Mita Vashisht (born 2 November 1967) is an Indian actress. Known for her work on screen, stage and television, she has played a wide range of roles. Her most prominent appearances includes; sci-fi television series Space City Sigma (1989-1991), Pachpan Khambe Laal Deewarein, Swabhimaan, Alaan (Kirdaar) to Trishna in Kahani Ghar Ghar Ki and Jethi Maa in Kaala Teeka to film roles with a wide spectrum of directors with different cinema styles.

Early life
Mita Vashisht was born on 2 November 1967 in Pune, Maharashtra, India to Captain Rajeshwar Dutt Vashisht, who retired as a colonel from the Indian Army and Meenakshi Mehta (née) Vashisht, a teacher and a singer (Indian Classical).

She has done her post-graduation in literature from Punjab University, Chandigarh and graduated from the National School of Drama (Delhi) in 1987, Vashisht was for several years (1990–2010) also visiting faculty to some of the premier design, film and theatre institutes of India – the NIFT (Delhi), FTII (Pune), NSD (Delhi) and the NID (Ahmedabad). She has also conducted theatre workshops in the UK (London, Birmingham, Leicester) and in Damascus. She teaches students of fashion design, film direction and acting, using theatre techniques. She is married to filmmaker Anup Singh.

Career
Vashisht has played the lead roles in the avant-garde cinemas (notably Kumar Shahani and Mani Kaul films), the middle of the road cinemas (Notably Govind Nihalani's films) as well as in successful big budget Bollywood films. She has worked in theatre as actress and director too. She researches and writes her scripts as well. Since 2004, she has performed her solo play in English and Hindi, titled, Lal Ded, based on life of medieval Kashmiri mystic Lal Ded, all over India.

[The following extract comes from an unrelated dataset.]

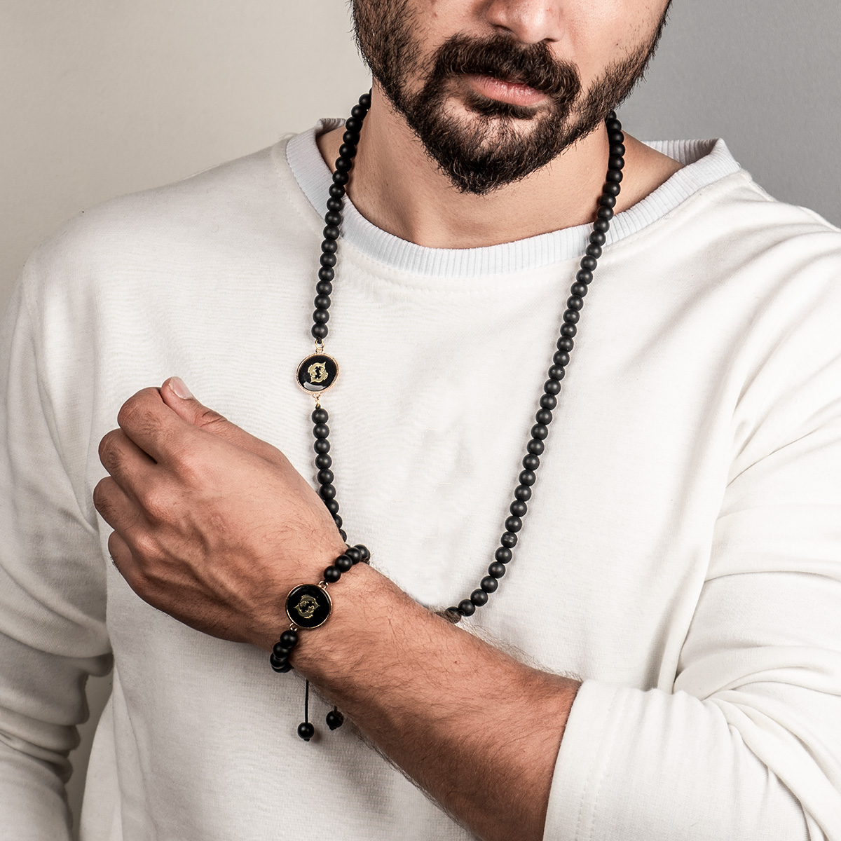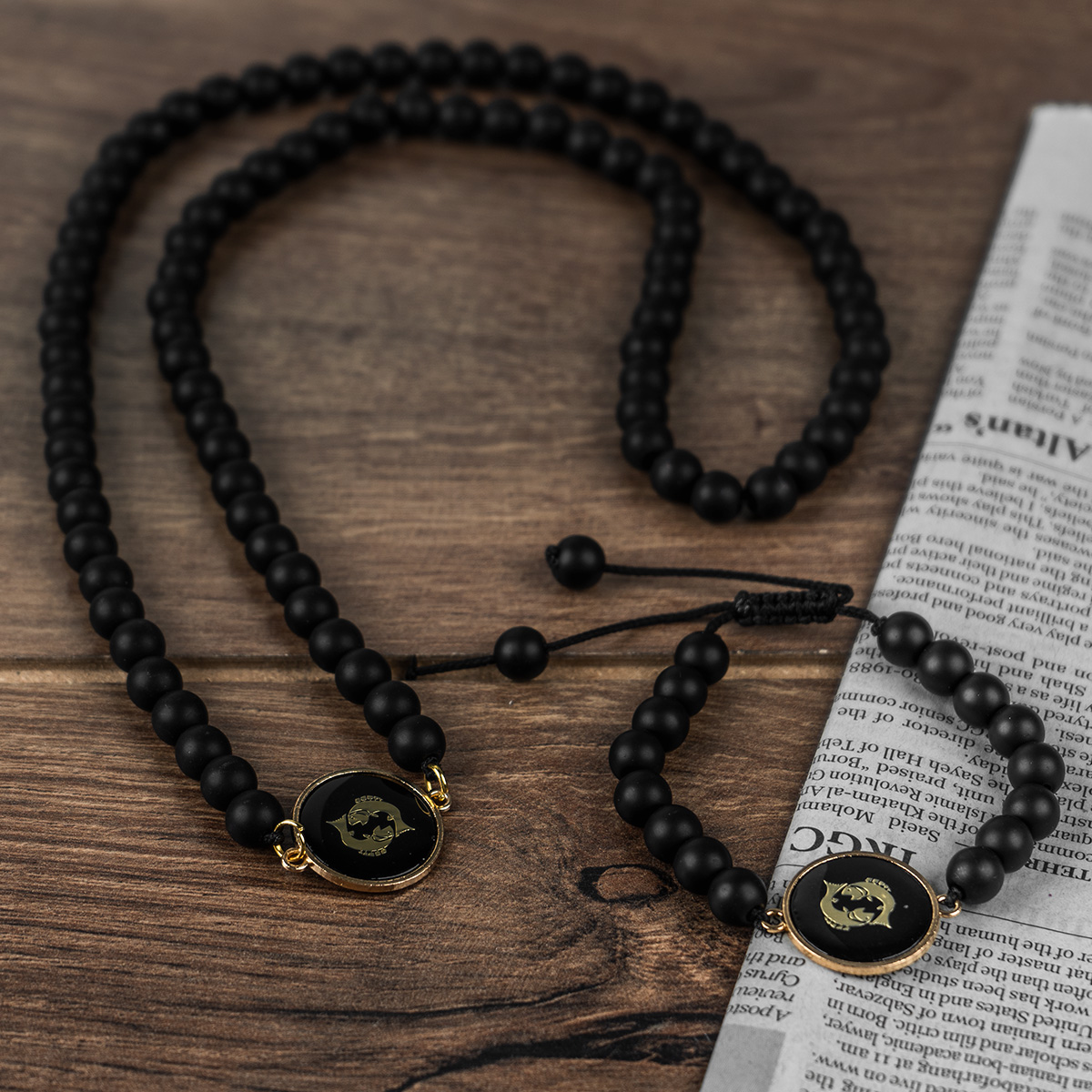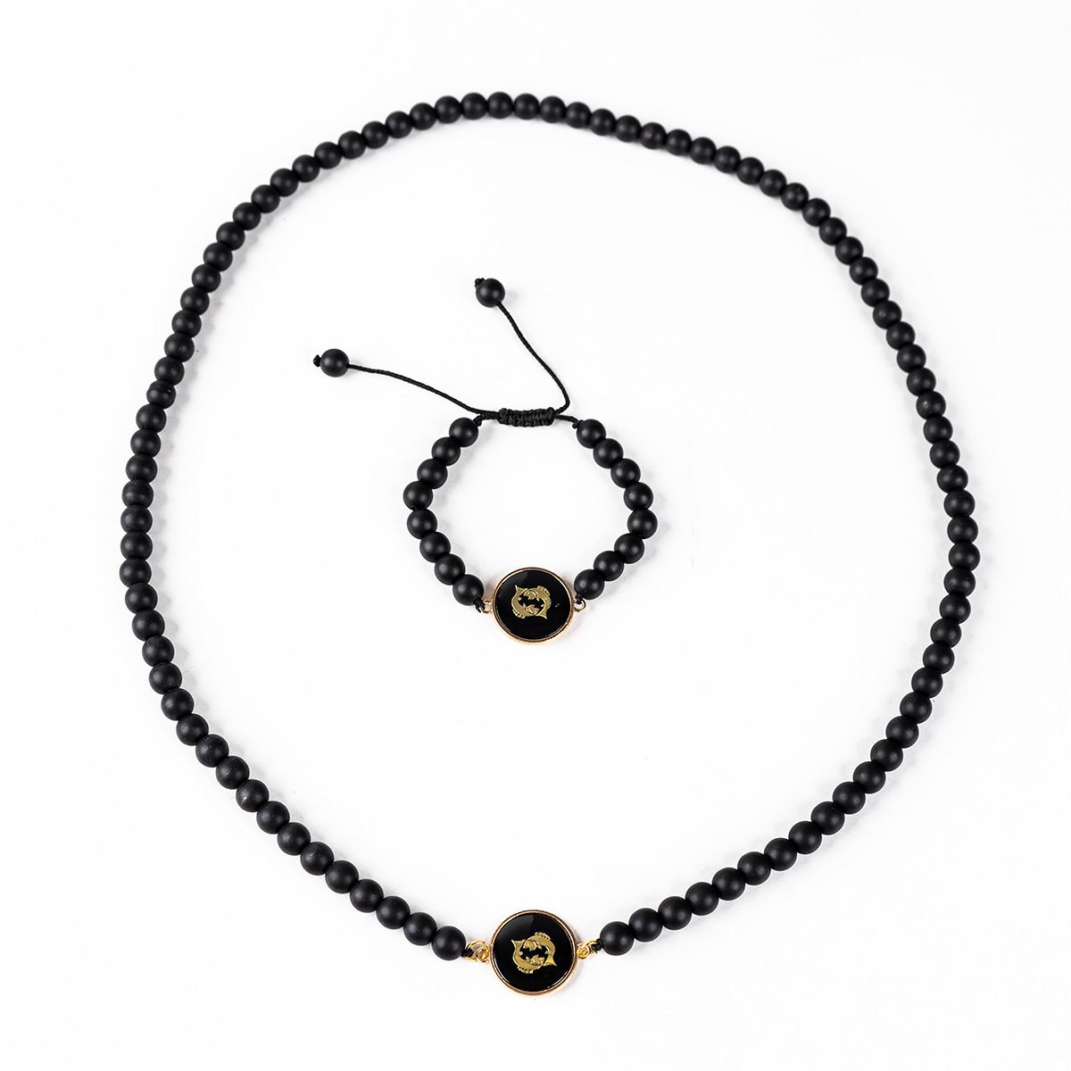 نیم ست های مهره ای مشکی از انواع گردنبندهای رو لباسی است که محبوبیت خاصی بین جوانان پیدا کرده است و جذابیت زیادی به استایل شما میدهد.طرح روی پلاک این گردنبندها نماد ماه های سال بوده و میتوانید ماه مورد نظرتان را انتخاب نمایید. قطر سنگ ها 2 میلی متر و به رنگ مشکی مات بوده و به دلیل طراحی خاص، برای استفاده روزانه و قابل ست شدن با انواع پوشش ها و مناسب برای آقایان و خانم هاست.

Vashisht has written and produced three short films, as well as a serial for television. She was the executive producer of the film The Name of a River, a BFI (London) - NFDC (India) - Bangladesh film co-production.

In June 2001, Vashisht established Mandala, space for arts collaborations research and education. Its aim was to spearhead a new movement in the arts, to centre stage and individuate the performing arts in society (she considers that imperative, in the face of an electronic media onslaught) and to aid artistic collaborations.

Her first project under Mandala however took an unusual twist. A chance theatre workshop that she conducted with trafficked minors in a remand home in Mumbai led to four years of her full-time involvement with the cause of self- empowerment and rehabilitation of trafficked minors. (trafficked minors i.e. minor girls rescued from prostitution from the city brothels).

As artistic director of Mandala she created Mandala TAM (theatre arts module), a methodology and a training process based on the performing arts that proved to be highly successful in helping the trafficked minors to heal and transform mentally, physically, emotionally and intellectually.
In wanting to mainstream the marginalized she created a theatre troupe of the trafficked young women who performed the comedy play 'the coffin is too big for the grave' to national and international audiences and at international theatre festivals).

Theatre
She has performed in the 75 minute solo theatre performance Lal Ded, based on the life and poetry of the iconic woman mystic and poet of Kashmir Lal Ded. Lal Ded performances have been invited to and featured in the following National/International theatre festivals in India and abroad.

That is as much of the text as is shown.